1. A lyophilized pharmaceutical composition comprising a water-insoluble taxoid, cyclodextrin, and at least one hydrophilic polymer selected from the group consisting of hydroxypropylmethyl cellulose (HPMC), polyethylene glycol (PEG), and polyvinylpyrrolidone (PVP).

2. The composition as claimed in claim 1, wherein said taxoid is represented by the following Formula 1; wherein R is a hydrogen atom or an acetyl group, R1 is a tertiary-butoxy carbonylamino radical or a benzoylamino radical.

3. The composition as claimed in claim 2, wherein said taxoid is docetaxel represented by Formula 1, wherein R is a hydrogen atom, R1 is a tertiary-butoxy carbonylamino radical.

4. The composition as claimed in claim 2, wherein said taxoid is paclitaxel represented by Formula 1, wherein R is an acetyl group and R1 is a benzoylamino radical.

5. The composition as claimed in claim 2, wherein said taxoid is in a free form or in a form of pharmaceutically acceptable salts, anhydrous or hydrate thereof.

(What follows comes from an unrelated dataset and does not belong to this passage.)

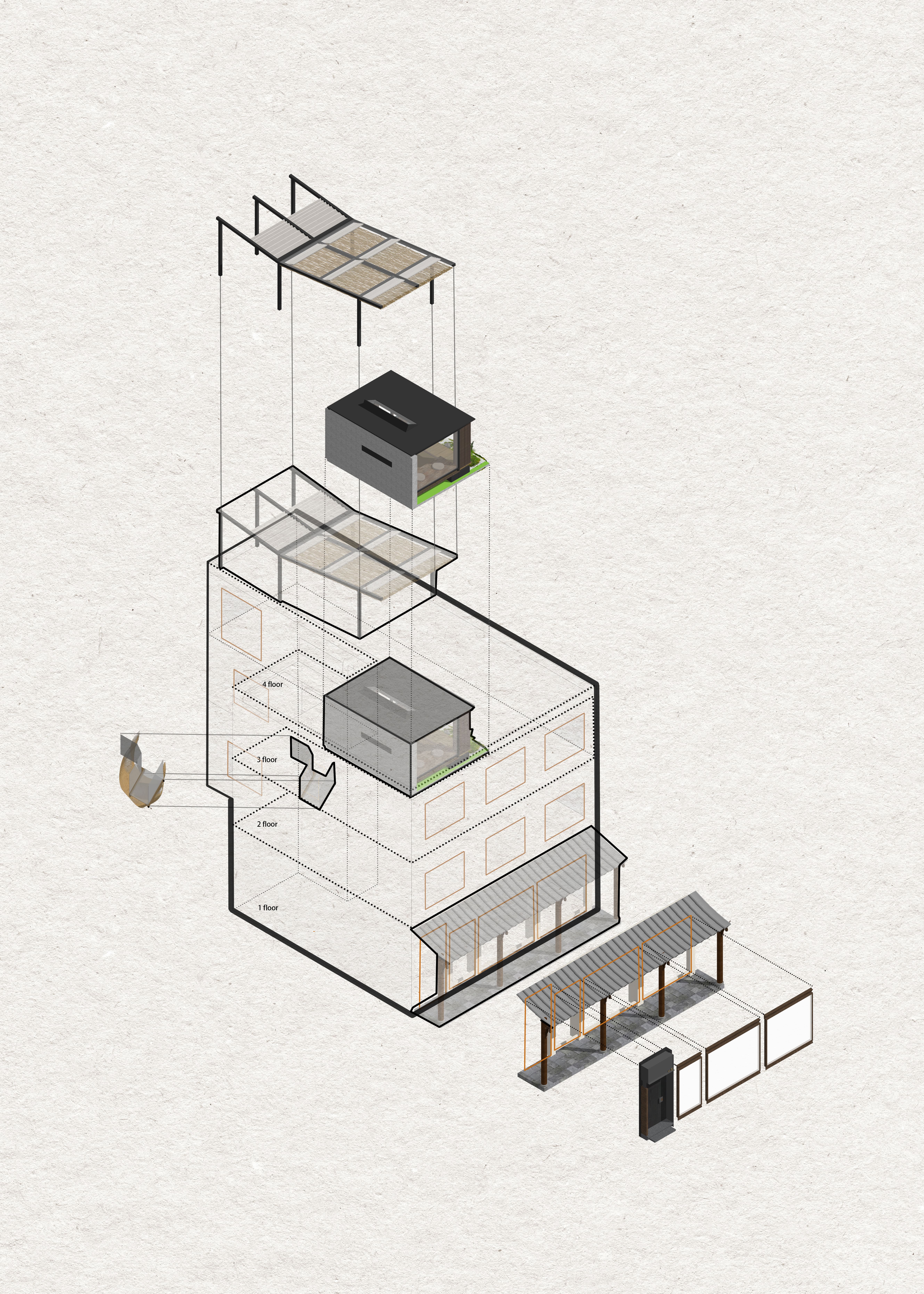 这是建筑对在地环境的一种回应,值得注意的是,建筑的结构改造是可逆的,过程中仍然可以清晰看到使用者们对古镇旧楼的改造理念与功能需求,这也是真实历史展现给世人的画卷。

6. The composition as claimed in claim 1, wherein the cyclodextrin is 1-500 parts by weight relative to 1 part by weight of the taxoid.

7. The composition as claimed in claim 1, wherein the cyclodextrin is 5-200 parts by weight relative to 1 part by weight of the taxoid.

8. The composition as claimed in claim 1, wherein the hydrophilic polymers are 0.01-100 parts by weight relative to 1 part by weight of the taxoid.

9. The composition as claimed in claim 1, wherein the cyclodextrin is β-cyclodextrin or derivatives thereof.

10. The composition as claimed in claim 1, wherein the cyclodextrin is hydroxypropyl β-cyclodextrin.

11. The composition as claimed in claim 10, wherein the degree of molecular substitution (MS) of the hydroxypropyl β-cyclodextrin is 0.2-1.0.

12. The composition as claimed in claim 1, wherein the viscosity of the hydroxypropylmethyl cellulose (HPMC) is in the range of 5-100,000 cps.

13. The composition as claimed in claim 1, wherein the average molecular weight of the polyethylene glycol (PEG) is in the range of 300-600.

14. The composition as claimed in claim 1, wherein K-value of the polyvinylpyrrolidone is in the range of 10-20.

15. The lyophilized pharmaceutical composition for injection as claimed in claim 1, wherein the taxoid is contained in the range of 0.2-50 weight percent.

16. A method of preparing a lyophilized pharmaceutical composition containing a taxoid, which comprises:

1) dissolving a water-insoluble taxoid, cyclodextrin, and at least one hydrophilic polymer selected from the group consisting of hydroxypropylmethyl cellulose (HPMC), polyethylene glycol (PEG) or polyvinylpyrrolidone (PVP) in distilled water;

2) lyophilizing the mixture obtained in the step 1).

17. A method of preparing a pharmaceutical liquid composition for injection containing a taxoid, comprising:

1) dissolving a water-insoluble taxoid, cyclodextrin, and at least one hydrophilic polymer selected from the group consisting of hydroxypropylmethyl cellulose (HPMC), polyethylene glycol (PEG) or polyvinylpyrrolidone (PVP) in distilled water;

2) lyophilizing the mixture obtained in step 1); and

3) diluting the lyophilized composition obtained in step 2) in distilled water, dextrose solution or a saline solution.